Stewart was born in North Carolina and moved to Kansas with her family as a child. She grew up in the Kansas City area and after earning an undergraduate degree from Kansas State University in 2001, she lived in Honduras for six months, working with a physician on the mission field and returned to attend the University of Kansas School of Medicine in the fall 2002. She attended both the Wichita and Kansas City campuses, and after graduation in 2006 she completed a four-year combined residency program in internal medicine and pediatrics at the University of Kentucky.

“I wanted to be open minded and learn how things are done in other places,” Stewart said of her choice to go out of state for residency. “I knew in my heart that I would come back to Kansas.”

As an undergrad, she began to consider rural medicine when she heard of the need for specialists in rural areas of Kansas. Her desire to work in the underserved areas of Kansas was confirmed when she accepted a position as a hospitalist in Parsons.

Stewart discovered her love for community health soon after, and it proved to be a perfect fit. CHC/SEK had just opened a clinic in Baxter Springs and Postai needed a doctor to get it up and running and support the APRNs.

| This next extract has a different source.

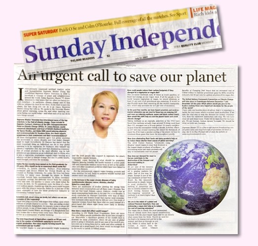 答:我由衷感谢贵国政府的英明领导以及拥护政府的爱尔兰人民,尤其是聪明、负责的有机农友。有机纯素农业是我们应该大力推广的。有机农业有益我们的健康,因为它让我们的食物没有农药和杀虫剂残留,也免于抗生素和其它人工添加物的危害,这些物质与无数的疾病有关。对环境而言,有机纯素农业保护并滋养土壤,有助于维护野生动物的栖地,而且会减少许多的污染。

“My first impression was that this was a person who was passionate about people and ensuring they had access to care,” Postai recalled. “This is a woman with boundless energy and excitement over everything she does and touches. She’s a lifelong learner with a commitment to population-based health care and the firm belief that everyone is entitled to quality healthcare regardless of their economic status or where they reside.”

As CHC/SEK prepared to open a clinic in Coffeyville a short time later, Stewart was the obvious choice to get it started, splitting her time between both offices before handing over the reins to Baxter Springs. 

“I’m a builder of things,” Stewart described. “I love to make order out of chaos, to get programs started, guide and train others, then turn it over to them. I’d say I have a pio-neering spirit and I love to look at a team and say, ‘we can do this, even if it hasn’t been done before.’ There are people who need us and we’re going to press ahead.”

While overseeing the clinic and two school-based health centers in Montgomery County, she also served as mission’s pastor of her church. The combination of these experiences led to her pursuing and obtaining a Master of Public Health through the University of Kansas School of Medicine–Wichita. 

As demand increased at the CHC/SEK clinic in Pittsburg, Stewart was asked to shift her efforts once again. She now provides inpatient and outpatient care to the most chronically ill patients, and she is heading the development of a Medication-Assisted Addiction Treatment program as well as a Hepatitis-C clinic.

“There aren’t enough resources to address opiate and alcohol addiction,” Stewart said. “We operate as a day center, then if we need to refer to inpatient, we do. This program is for anyone who has an addiction and wants to move past it. We have peer support, group support, physicians, and therapists.  It is a comprehensive program.”

CHC/SEK serves more than 40,000 children and adults annually between its 11 clinics, and Stewart and her colleagues not only see patients on site, in hospitals and nursing homes, but also at the patient’s own home if that’s what it takes.

“With any program that we develop, we’re looking to target people who don’t have access to care or don’t realize that they need care,” Stewart said. “We want to reach everyone. God created each person with a very specific plan and purpose, and we place a high value on life and helping each individual achieve their individual purpose.”